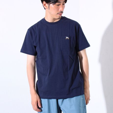 ・シンプルなポケットTシャツに、さりげない“フレンチブルドッグ刺繍”がアクセント。
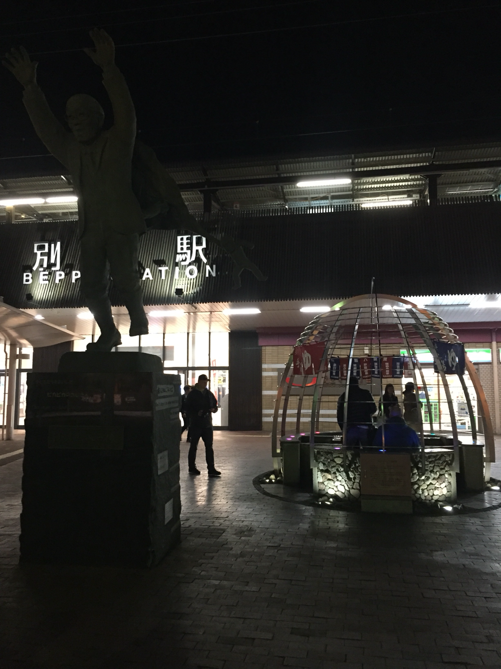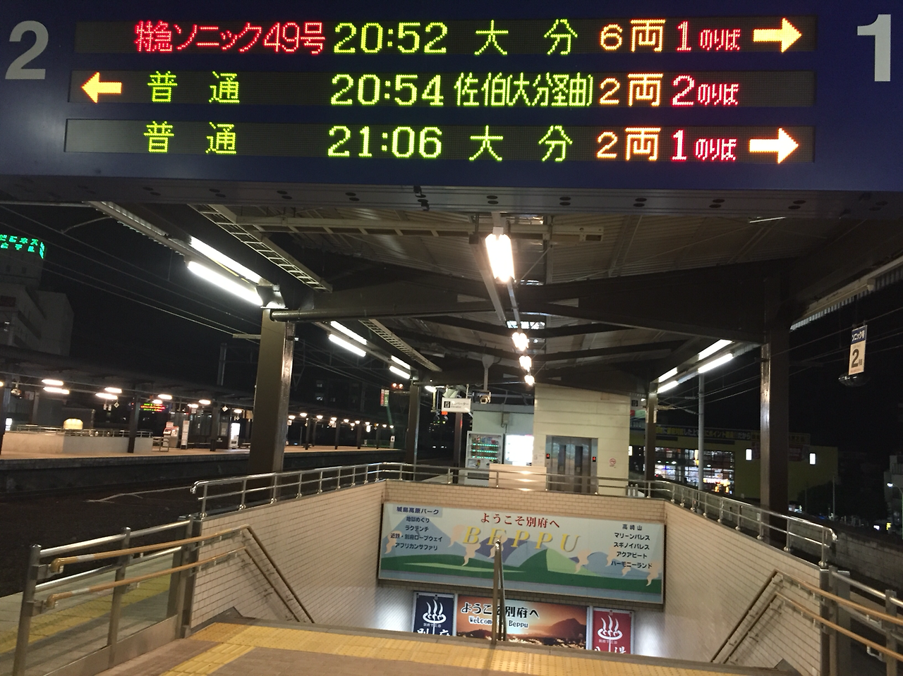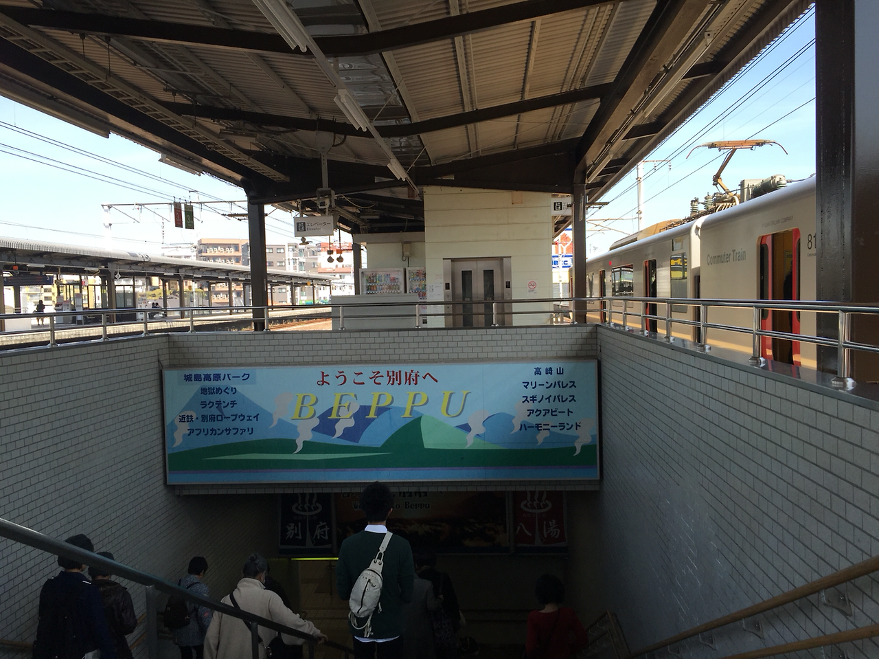지옥 온천 순례를 호텔에서 한 번에 갈 수 있는 방법이 없어서 우선 벳부 다이가쿠역으로 다시 걸어간 다음 벳부역으로 이동했다!
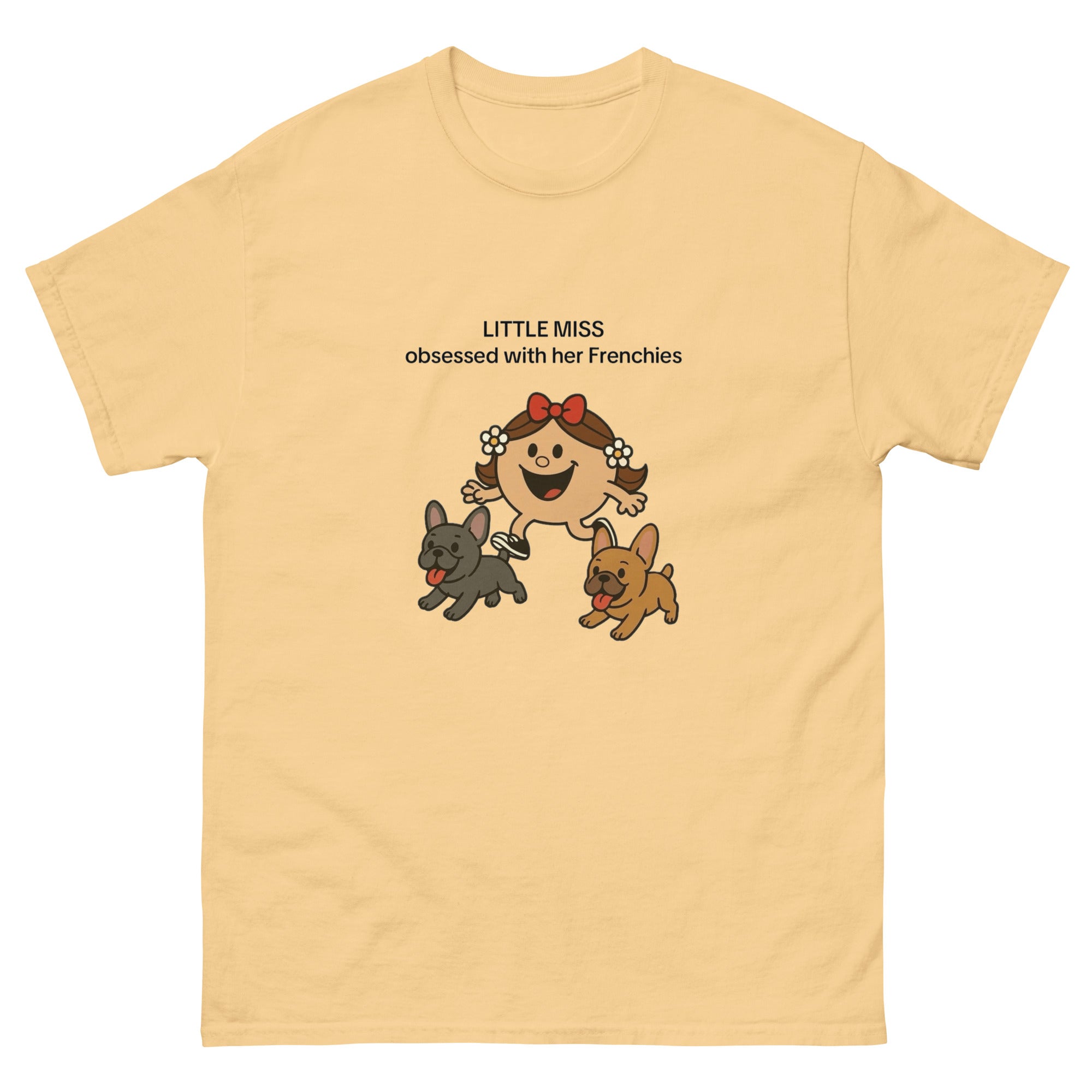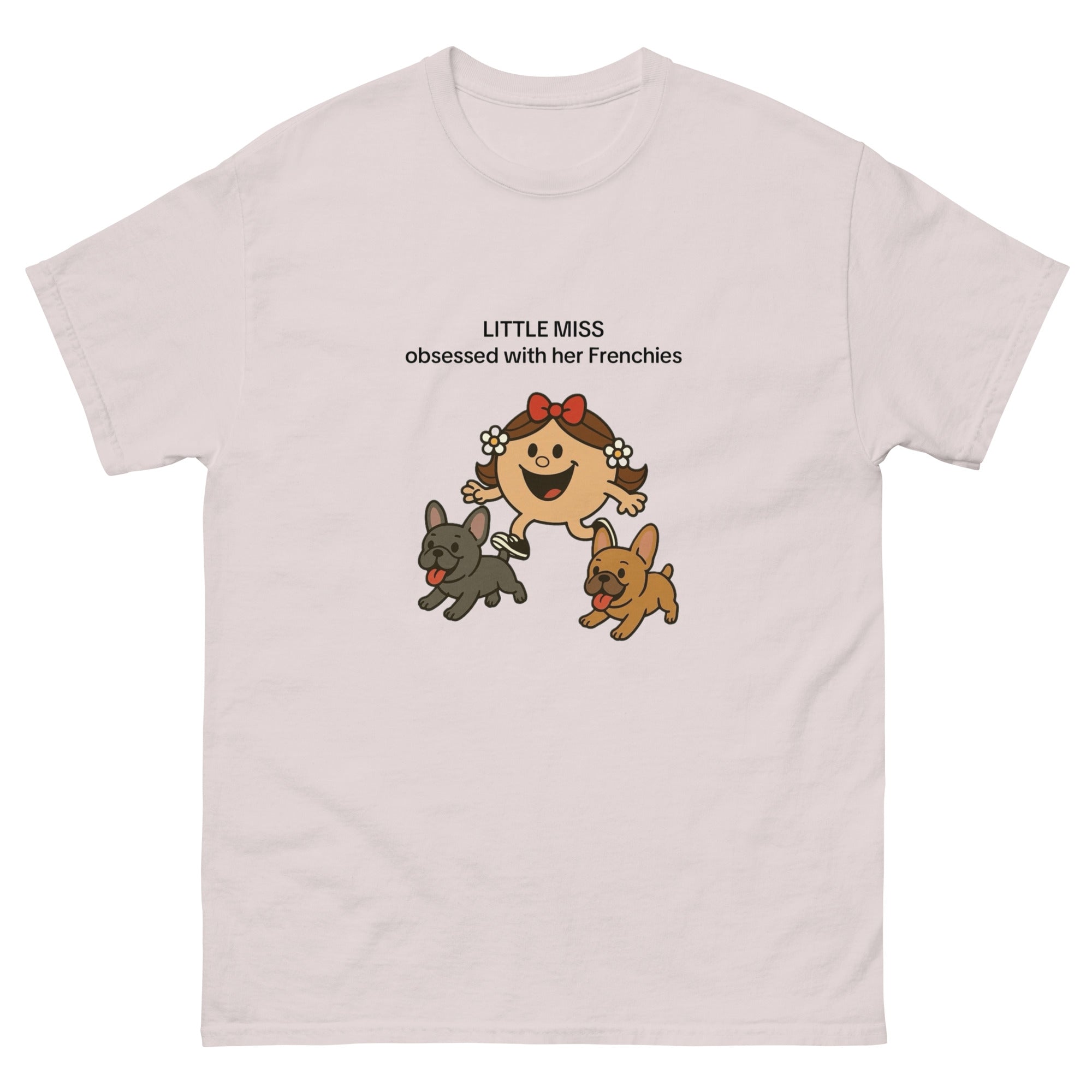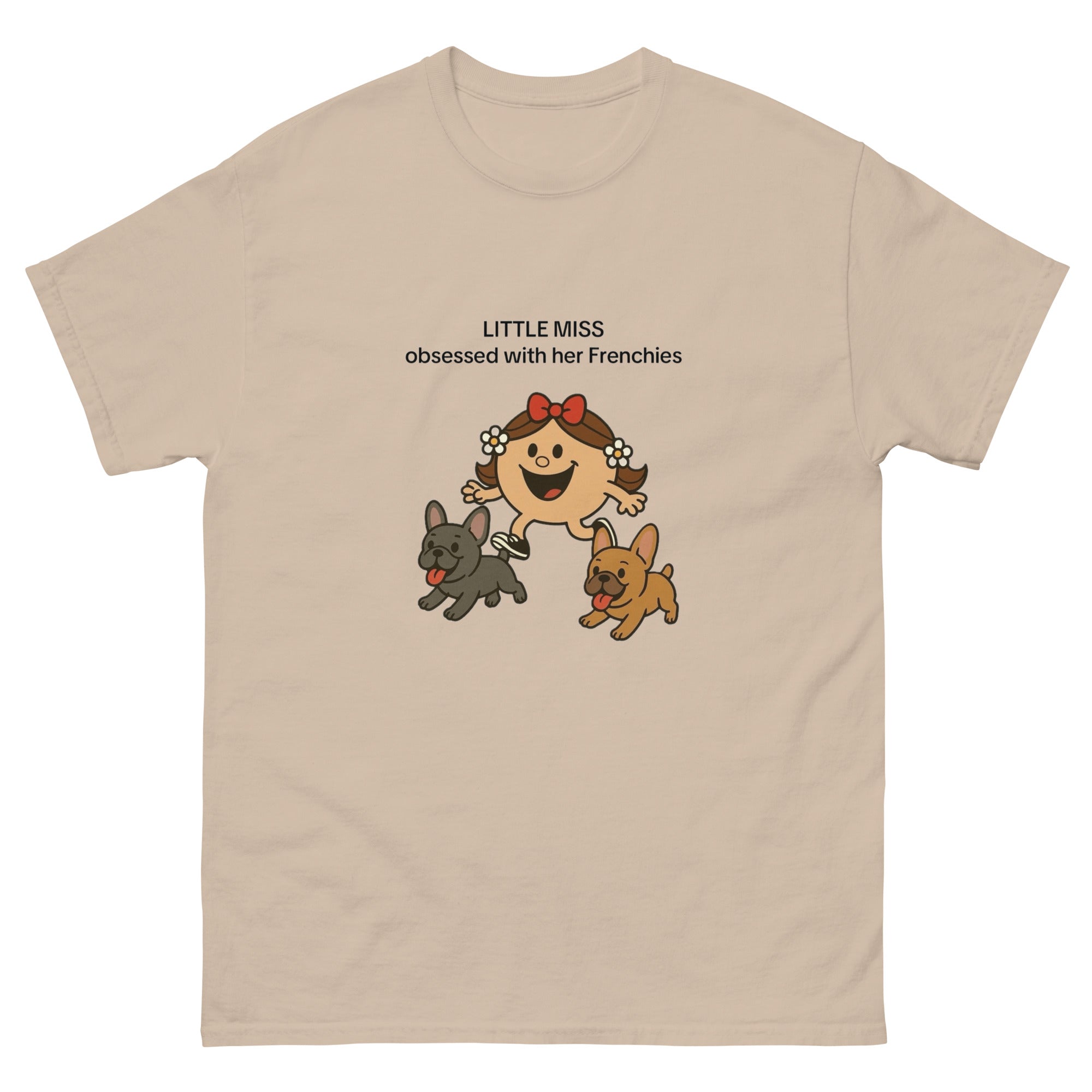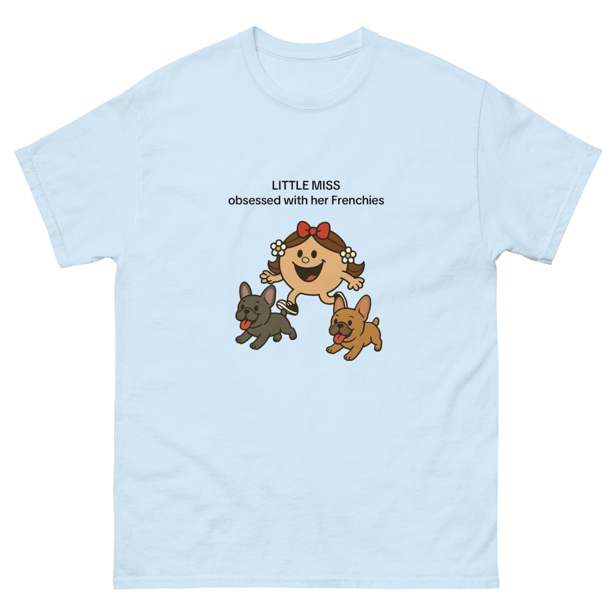 The 100% cotton unisex Little Miss obsessed with her Frenchies tshirt will help you land a more structured look. It sits nicely, maintains sharp lines around the edges, and goes perfectly with layered streetwear outfits. Plus, it's extra trendy now!

* **Exercise prompt**: Counting the line with "지옥 온천 순례를 호텔에서" and the last line of the data above, transcribe those two lines and every line between them exactly, without the pictures.

* **Solution**:
지옥 온천 순례를 호텔에서 한 번에 갈 수 있는 방법이 없어서 우선 벳부 다이가쿠역으로 다시 걸어간 다음 벳부역으로 이동했다!
 The 100% cotton unisex Little Miss obsessed with her Frenchies tshirt will help you land a more structured look. It sits nicely, maintains sharp lines around the edges, and goes perfectly with layered streetwear outfits. Plus, it's extra trendy now!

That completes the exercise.